▶ Required work
The answer is to be the data that follows, transcribed exactly, minus its pictures.

▶ Material provided
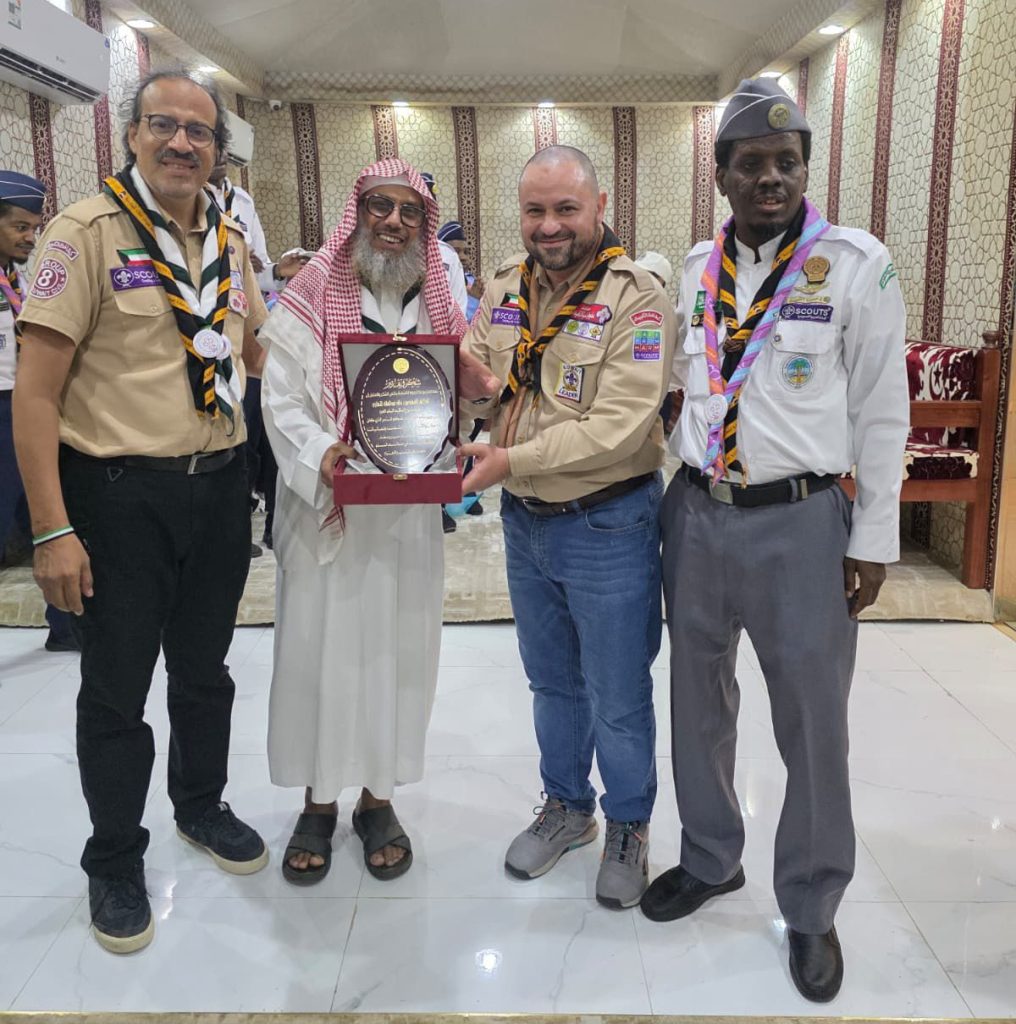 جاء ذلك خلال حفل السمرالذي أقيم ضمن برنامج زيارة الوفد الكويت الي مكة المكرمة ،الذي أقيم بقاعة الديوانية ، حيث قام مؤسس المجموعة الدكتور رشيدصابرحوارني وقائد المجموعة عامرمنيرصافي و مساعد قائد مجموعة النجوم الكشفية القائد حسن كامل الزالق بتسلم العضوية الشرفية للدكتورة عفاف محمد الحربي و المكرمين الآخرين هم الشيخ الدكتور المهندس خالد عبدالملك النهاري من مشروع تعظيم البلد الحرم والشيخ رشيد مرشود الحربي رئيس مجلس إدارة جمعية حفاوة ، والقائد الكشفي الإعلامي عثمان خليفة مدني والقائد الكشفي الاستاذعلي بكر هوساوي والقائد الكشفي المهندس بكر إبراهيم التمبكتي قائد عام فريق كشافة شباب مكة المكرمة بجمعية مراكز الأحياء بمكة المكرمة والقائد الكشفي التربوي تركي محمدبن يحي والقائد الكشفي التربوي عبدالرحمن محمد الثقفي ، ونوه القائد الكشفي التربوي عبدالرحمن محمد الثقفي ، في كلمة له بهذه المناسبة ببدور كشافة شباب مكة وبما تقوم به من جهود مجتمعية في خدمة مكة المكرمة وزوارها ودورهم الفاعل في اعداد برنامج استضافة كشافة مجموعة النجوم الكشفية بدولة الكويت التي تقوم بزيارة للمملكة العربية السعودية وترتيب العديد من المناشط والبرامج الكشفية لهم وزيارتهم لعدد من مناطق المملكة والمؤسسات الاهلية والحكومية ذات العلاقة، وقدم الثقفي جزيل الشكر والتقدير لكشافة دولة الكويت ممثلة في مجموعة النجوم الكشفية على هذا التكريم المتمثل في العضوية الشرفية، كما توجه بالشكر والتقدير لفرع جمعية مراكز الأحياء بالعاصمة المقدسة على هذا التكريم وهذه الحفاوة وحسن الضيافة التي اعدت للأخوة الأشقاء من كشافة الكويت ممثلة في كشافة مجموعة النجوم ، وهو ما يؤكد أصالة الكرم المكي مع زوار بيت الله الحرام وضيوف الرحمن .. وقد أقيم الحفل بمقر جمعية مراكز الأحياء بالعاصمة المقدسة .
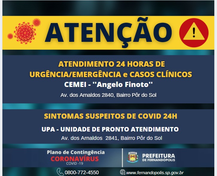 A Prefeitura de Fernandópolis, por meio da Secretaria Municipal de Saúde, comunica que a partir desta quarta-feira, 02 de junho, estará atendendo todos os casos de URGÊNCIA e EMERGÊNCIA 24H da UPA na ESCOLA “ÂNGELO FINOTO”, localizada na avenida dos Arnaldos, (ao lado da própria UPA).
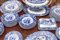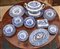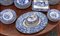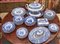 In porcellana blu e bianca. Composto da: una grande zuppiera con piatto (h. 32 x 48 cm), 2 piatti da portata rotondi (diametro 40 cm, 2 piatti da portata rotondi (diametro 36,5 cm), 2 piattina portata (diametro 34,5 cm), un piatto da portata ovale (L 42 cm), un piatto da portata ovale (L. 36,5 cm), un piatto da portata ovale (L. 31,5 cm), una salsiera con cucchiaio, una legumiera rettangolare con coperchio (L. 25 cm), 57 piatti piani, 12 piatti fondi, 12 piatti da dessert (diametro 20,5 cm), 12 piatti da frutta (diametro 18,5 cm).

▶ Finished exercise
 جاء ذلك خلال حفل السمرالذي أقيم ضمن برنامج زيارة الوفد الكويت الي مكة المكرمة ،الذي أقيم بقاعة الديوانية ، حيث قام مؤسس المجموعة الدكتور رشيدصابرحوارني وقائد المجموعة عامرمنيرصافي و مساعد قائد مجموعة النجوم الكشفية القائد حسن كامل الزالق بتسلم العضوية الشرفية للدكتورة عفاف محمد الحربي و المكرمين الآخرين هم الشيخ الدكتور المهندس خالد عبدالملك النهاري من مشروع تعظيم البلد الحرم والشيخ رشيد مرشود الحربي رئيس مجلس إدارة جمعية حفاوة ، والقائد الكشفي الإعلامي عثمان خليفة مدني والقائد الكشفي الاستاذعلي بكر هوساوي والقائد الكشفي المهندس بكر إبراهيم التمبكتي قائد عام فريق كشافة شباب مكة المكرمة بجمعية مراكز الأحياء بمكة المكرمة والقائد الكشفي التربوي تركي محمدبن يحي والقائد الكشفي التربوي عبدالرحمن محمد الثقفي ، ونوه القائد الكشفي التربوي عبدالرحمن محمد الثقفي ، في كلمة له بهذه المناسبة ببدور كشافة شباب مكة وبما تقوم به من جهود مجتمعية في خدمة مكة المكرمة وزوارها ودورهم الفاعل في اعداد برنامج استضافة كشافة مجموعة النجوم الكشفية بدولة الكويت التي تقوم بزيارة للمملكة العربية السعودية وترتيب العديد من المناشط والبرامج الكشفية لهم وزيارتهم لعدد من مناطق المملكة والمؤسسات الاهلية والحكومية ذات العلاقة، وقدم الثقفي جزيل الشكر والتقدير لكشافة دولة الكويت ممثلة في مجموعة النجوم الكشفية على هذا التكريم المتمثل في العضوية الشرفية، كما توجه بالشكر والتقدير لفرع جمعية مراكز الأحياء بالعاصمة المقدسة على هذا التكريم وهذه الحفاوة وحسن الضيافة التي اعدت للأخوة الأشقاء من كشافة الكويت ممثلة في كشافة مجموعة النجوم ، وهو ما يؤكد أصالة الكرم المكي مع زوار بيت الله الحرام وضيوف الرحمن .. وقد أقيم الحفل بمقر جمعية مراكز الأحياء بالعاصمة المقدسة .
 A Prefeitura de Fernandópolis, por meio da Secretaria Municipal de Saúde, comunica que a partir desta quarta-feira, 02 de junho, estará atendendo todos os casos de URGÊNCIA e EMERGÊNCIA 24H da UPA na ESCOLA “ÂNGELO FINOTO”, localizada na avenida dos Arnaldos, (ao lado da própria UPA).
 In porcellana blu e bianca. Composto da: una grande zuppiera con piatto (h. 32 x 48 cm), 2 piatti da portata rotondi (diametro 40 cm, 2 piatti da portata rotondi (diametro 36,5 cm), 2 piattina portata (diametro 34,5 cm), un piatto da portata ovale (L 42 cm), un piatto da portata ovale (L. 36,5 cm), un piatto da portata ovale (L. 31,5 cm), una salsiera con cucchiaio, una legumiera rettangolare con coperchio (L. 25 cm), 57 piatti piani, 12 piatti fondi, 12 piatti da dessert (diametro 20,5 cm), 12 piatti da frutta (diametro 18,5 cm).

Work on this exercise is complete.